How safe is ceph pg repair these days?

chibi@xxxxxxx (Christian Balzer) · Tue, 21 Feb 2017 11:38:21 +0900

Hello,

On Mon, 20 Feb 2017 17:15:59 -0800 Gregory Farnum wrote:

> On Mon, Feb 20, 2017 at 4:24 PM, Christian Balzer <chibi at gol.com> wrote:
> >
> > Hello,
> >
> > On Mon, 20 Feb 2017 14:12:52 -0800 Gregory Farnum wrote:
> >  
> >> On Sat, Feb 18, 2017 at 12:39 AM, Nick Fisk <nick at fisk.me.uk> wrote:  
> >> > From what I understand in Jewel+ Ceph has the concept of an authorative
> >> > shard, so in the case of a 3x replica pools, it will notice that 2 replicas
> >> > match and one doesn't and use one of the good replicas. However, in a 2x
> >> > pool your out of luck.
> >> >
> >> > However, if someone could confirm my suspicions that would be good as well.  
> >>
> >> Hmm, I went digging in and sadly this isn't quite right. The code has
> >> a lot of internal plumbing to allow more smarts than were previously
> >> feasible and the erasure-coded pools make use of them for noticing
> >> stuff like local corruption.
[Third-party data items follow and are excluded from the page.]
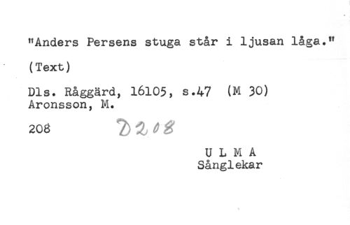 //// "Anders Persens stuga står i ljusan låga." //// (Text) //// Dis. Råggärd, 16105, s.47 (M 30) //// Aronsson, M. //// 206 //// U L M A //// Sånglekar ////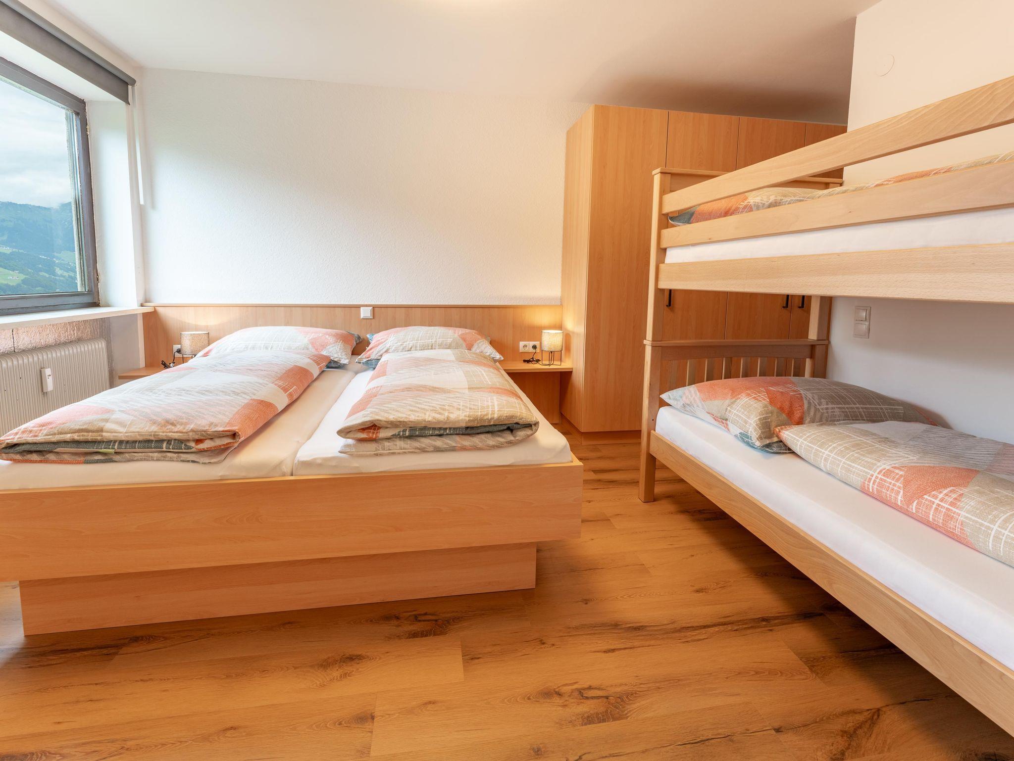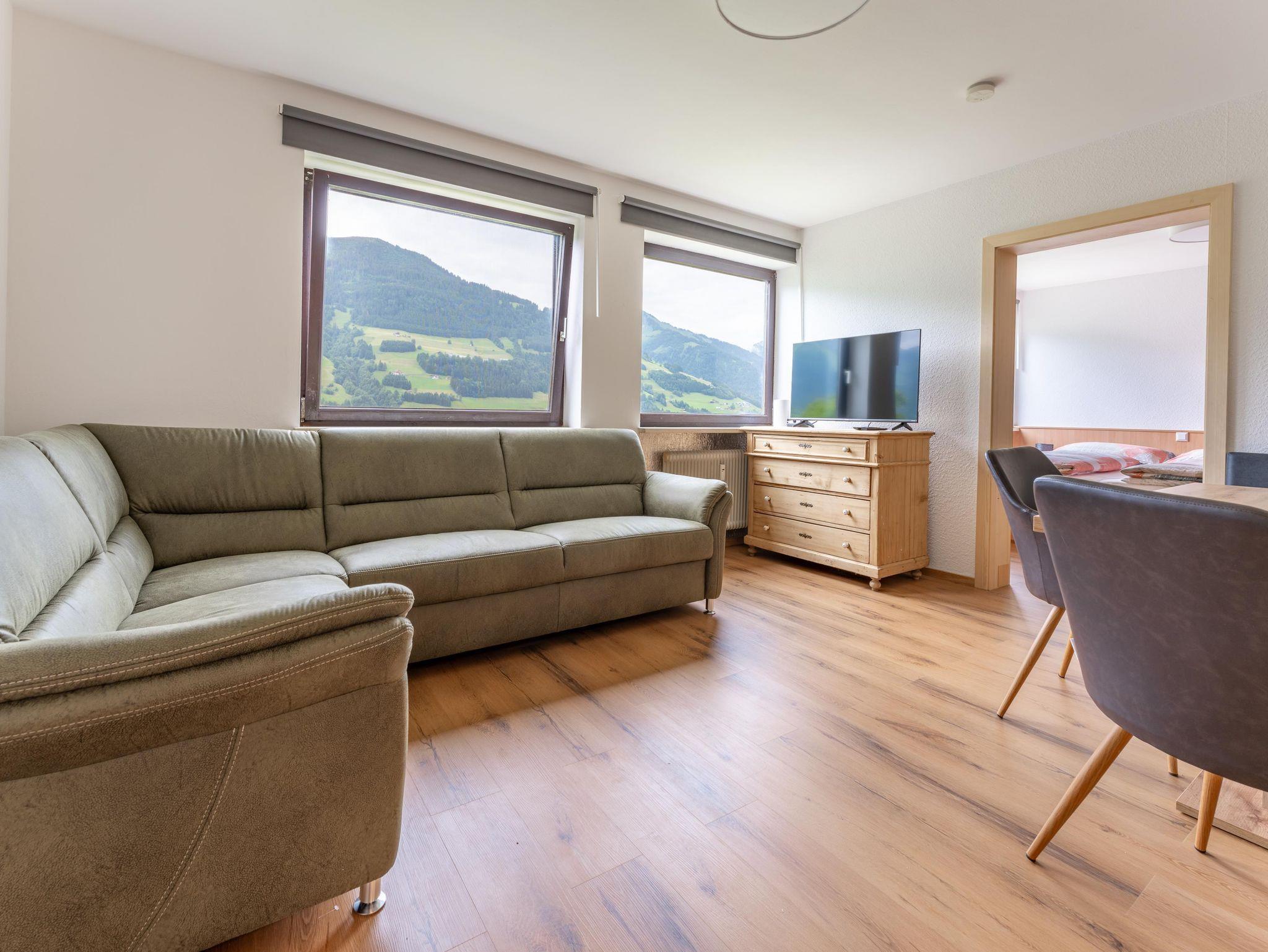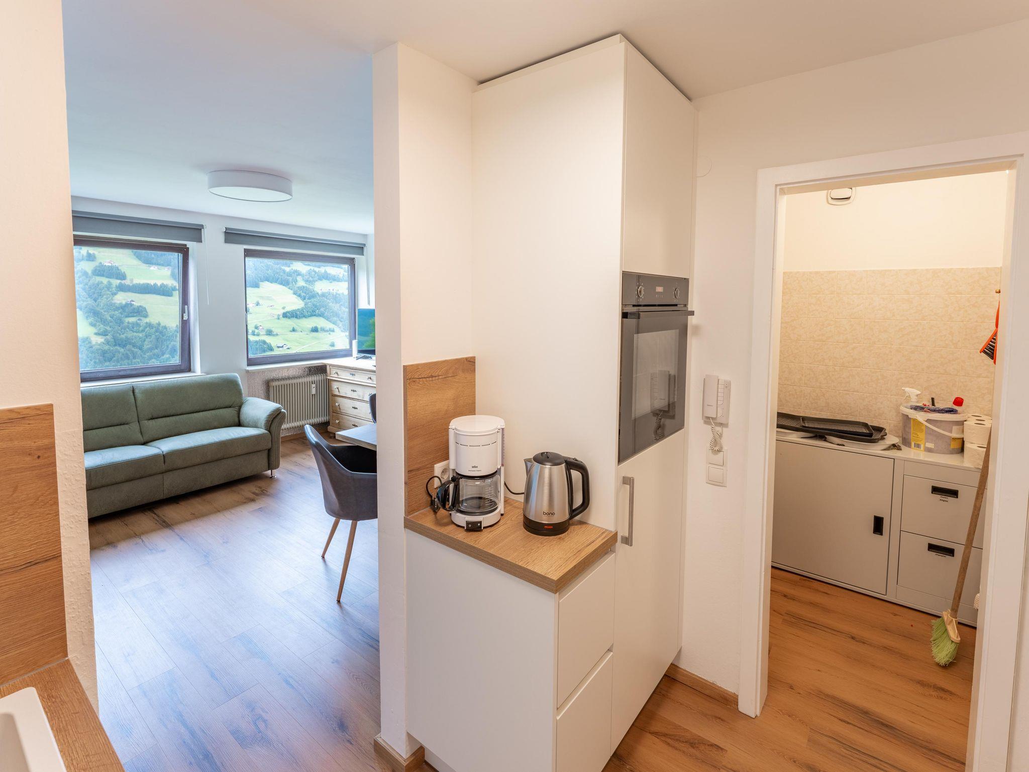 Beim Betreten des Apartments gelangt man in die voll ausgestattete Küche mit Filterkaffeemaschine, Wasserkocher, Kontaktgrill, Backofen, Kühlschrank und Geschirrspüler. Geschirr, Besteck und Gläser sind für jede Gelegenheit vorhanden. Neben der Küche befindet sich ein praktischer Hauswirtschaftsraum – ideal für Mülltrennung und zusätzlichen Stauraum. Der großzügige Wohnbereich lädt mit gemütlicher Couchecke und Fernseher zum Verweilen ein. Der angrenzende Esstisch bietet Platz für gemeinsame Mahlzeiten oder Spieleabende. Das geräumige Schlafzimmer ist ideal für Familien und mit Doppelbett, Etagenbett und viel Stauraum ausgestattet – perfekt, um nach einem aktiven Tag zur Ruhe zu kommen. Das minimalistische Bad bietet alles, was man braucht: Waschbecken, Dusche und WC. Das Apartment hat keinen eigenen Balkon, über das Treppenhaus ist jedoch ein Balkon mit Aussicht nutzbar. Es liegt zentral im Ortskern mit allen wichtigen Einrichtungen in unmittelbarer Nähe.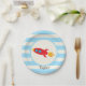 Plato De Papel Barco espacial con cohetes rojos; franjas azules c

Replicated pools make an attempt but it's
> >> not as reliable as one would like and it still doesn't involve any
> >> kind of voting mechanism.  
> >
> > I seem to recall a lot of that plumbing going/being talked about, but
> > never going into full action, good to know that I didn't miss anything and
> > that my memory is still reliable. ^o^  
> 
> Yeah. Mixed in with the subtlety are some good use cases, though. For
> instance, anything written with RGW is always going to fit into the
> cases where it will detect a bad primary. RBD is a lot less likely to
> (unless you've done something crazy like set 4K objects, and the VM
> always sends down 4k writes), but since scrubbing fills in the data
> you can count on your snapshots and golden images being
> well-protected. Etc etc.
> 
> >  
> >> A self-inconsistent replicated primary won't get chosen. A primary is
> >> self-inconsistent when its digest doesn't match the data, which
> >> happens when:
> >> 1) the object hasn't been written since it was last scrubbed, or
> >> 2) the object was written in full, or
> >> 3) the object has only been appended to since the last time its digest
> >> was recorded, or
> >> 4) something has gone terribly wrong in/under LevelDB and the omap
> >> entries don't match what the digest says should be there.
> >>
> >> David knows more and correct if I'm missing something. He's also
> >> working on interfaces for scrub that are more friendly in general and
> >> allow administrators to make more fine-grained decisions about
> >> recovery in ways that cooperate with RADOS.
> >>  
> > That is certainly appreciated, especially if it gets backported to
> > versions where people are stuck with FS based OSDs.
> >
> > However I presume that the main goal and focus is still BlueStore with
> > live internal checksums that make scrubbing obsolete, right?  
> 
> I'm not sure what you mean. BlueStore certainly has a ton of work
> going on, and we have plans to update scrub/repair to play nicely and
> handle more of the use cases that BlueStore is likely to expose and
> which FileStore did not. But just about all the scrub/repair
> enhancements we're aiming at will work on both systems, and making
> them handle the BlueStore cases may do a lot more proportionally for
> FileStore.

I'm talking about the various discussions here (google for "bluestore
checksum", which also shows talks on devel, unsurprisingly) as well as
Sage's various slides about Bluestore and checksums.